Revsionsgrund leicht gemacht!

von Carsten Krumm, veröffentlicht am 16.11.2010

Da ist das Landgericht ganz schön auf den Verteidiger reingefallen (BGH, Beschluss des 1. Strafsenats vom 5.10.2010 - 1 StR 264/10 -):


"...Das Landgericht hat am ersten und am fünften Hauptverhandlungstag die Geschädigte, die 1992 geborene Zeugin R. (Stieftochter des Angeklagten), vernommen und jeweils für die Dauer der Vernehmung die Ent-fernung des Angeklagten gemäß § 247 StPO angeordnet. Gelegentlich der Vernehmung der Geschädigten am fünften Hauptverhandlungstag hat die Verteidigung eine Fotografie vorgelegt, welche die Gegebenheiten einer von der Geschädigten in ihrer Vernehmung genannten Örtlichkeit zeigt. Das Protokoll verhält sich dazu wie folgt:

„Der Verteidiger des Angeklagten übergab ein Lichtbild über die Örtlichkeiten des Badezimmers. Das Lichtbild wurde von der Kammer, dem Vertreter der Staatsanwaltschaft, der Sachverständigen, dem Verteidiger und der Zeugin in Augenschein genommen. Die Zeugin äußert sich hierzu."

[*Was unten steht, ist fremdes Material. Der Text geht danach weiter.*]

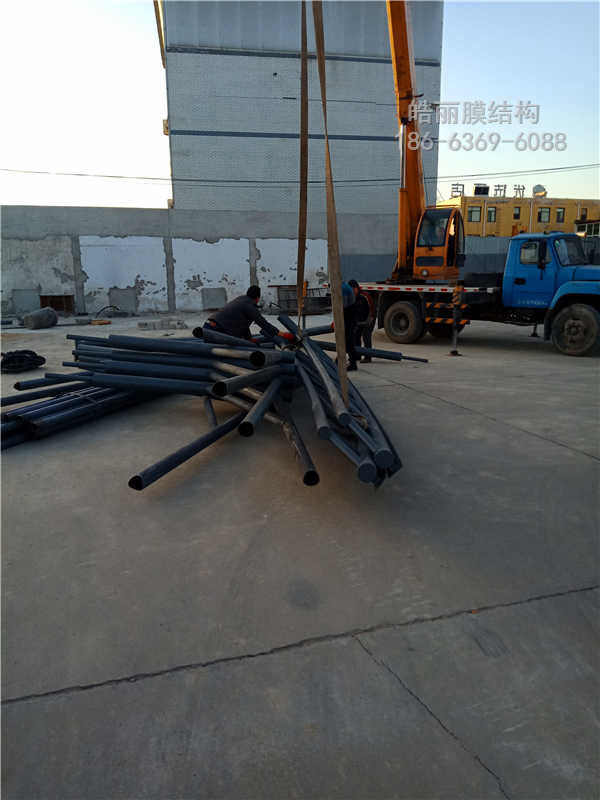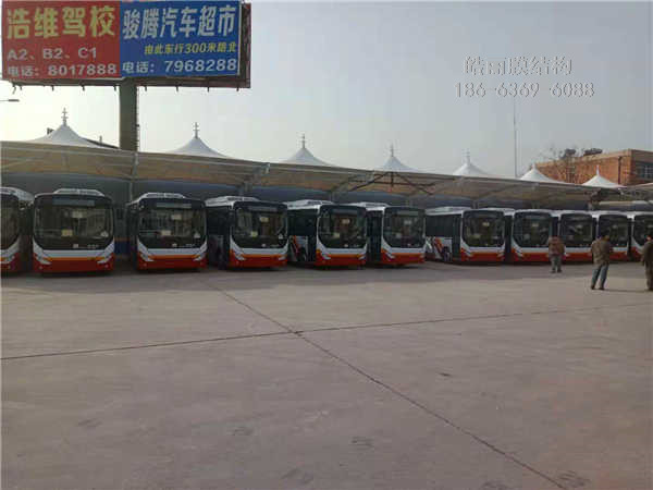 膜結構充電樁,建設單位,保定市榮清國控集團有限公司,地點,交通運輸管理站,本工程采用鋼材規121✘3.5行架立柱,114✘4 89✘3.5行架梁,膜布PVDF1100克刀掛工藝,膜布拉力5200牛,膜布特點,拉力強,耐候性自潔性高,持久耐用.
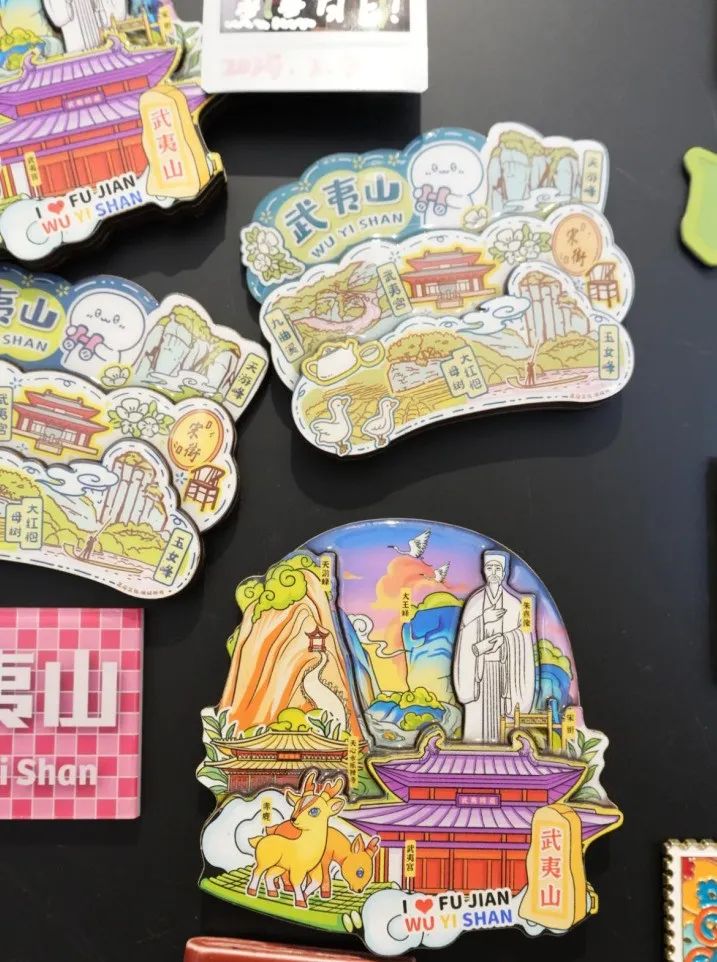 冰箱一開一關(guān)里,流動(dòng)著武夷山的九曲記憶,有“磁吸力”的冰箱貼是“能帶回家的風(fēng)景”,也是景區(qū)的延伸,拉近自然風(fēng)光、歷史文化與年輕人的距離,融入日常生活。
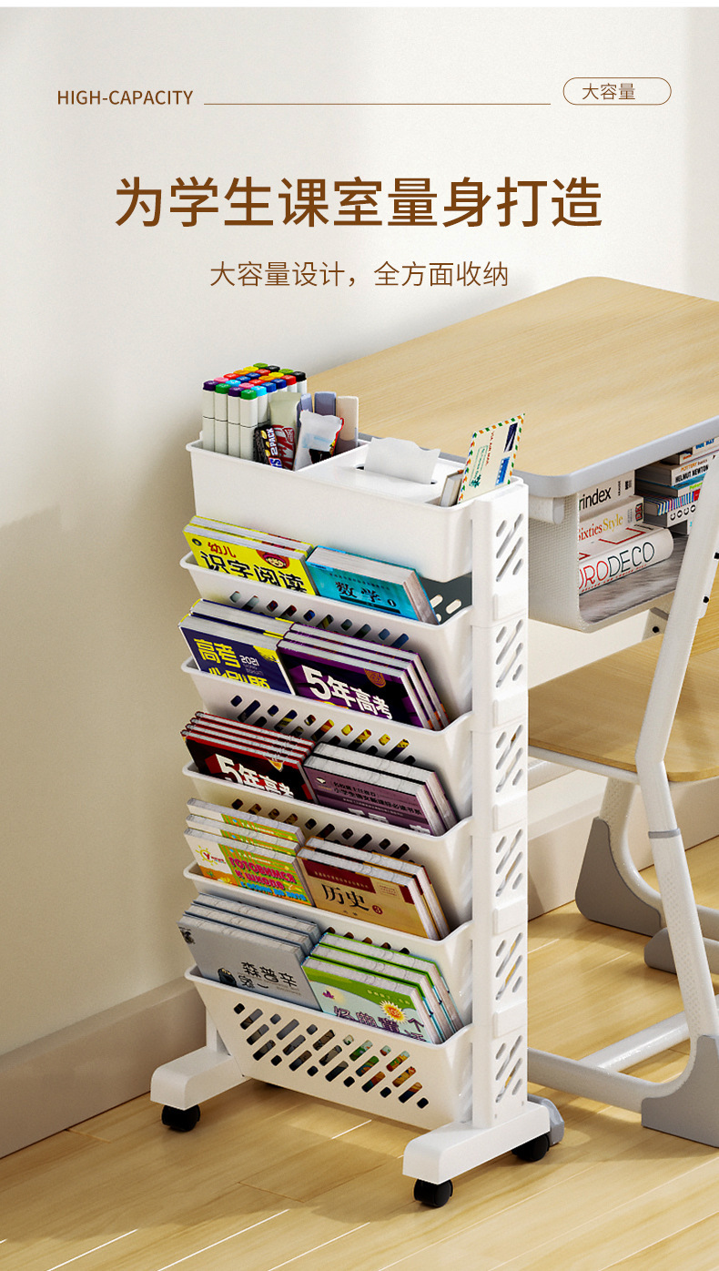 可移动收纳书本置物架宝宝绘本架杂志文具纸巾多层落地桌边书架

2. Dieser Verfahrensgang begründet den absoluten Revisionsgrund des § 338 Nr. 5 StPO. Die hier durchgeführte Augenscheinsnahme (a) ist vom re-striktiv auszulegenden Begriff der Vernehmung i.S.d. § 247 StPO nicht umfasst (b), so dass entgegen § 230 Abs. 1 StPO ein Teil der Hauptverhandlung in Abwesenheit des Angeklagten durchgeführt wurde. Der daraus resultierende Verfahrensverstoß wurde hier auch nicht geheilt ..."


Nachdem der Angeklagte wieder in den Sitzungssaal gerufen wurde, wurde er vom Vorsitzenden über den Inhalt der Aussage der Zeugin R. informiert, auch zu deren Angaben zum vorgenannten Lichtbild. Eine (nochmalige) förmliche Augenscheinnahme fand nicht statt.

 

Interessant ist die Entscheidung aus dem allgemeinen Strafrecht prozessual wegen der Differenzierung von "Vernehmungsbehelf" und "förmlicher Beweisaufnahme"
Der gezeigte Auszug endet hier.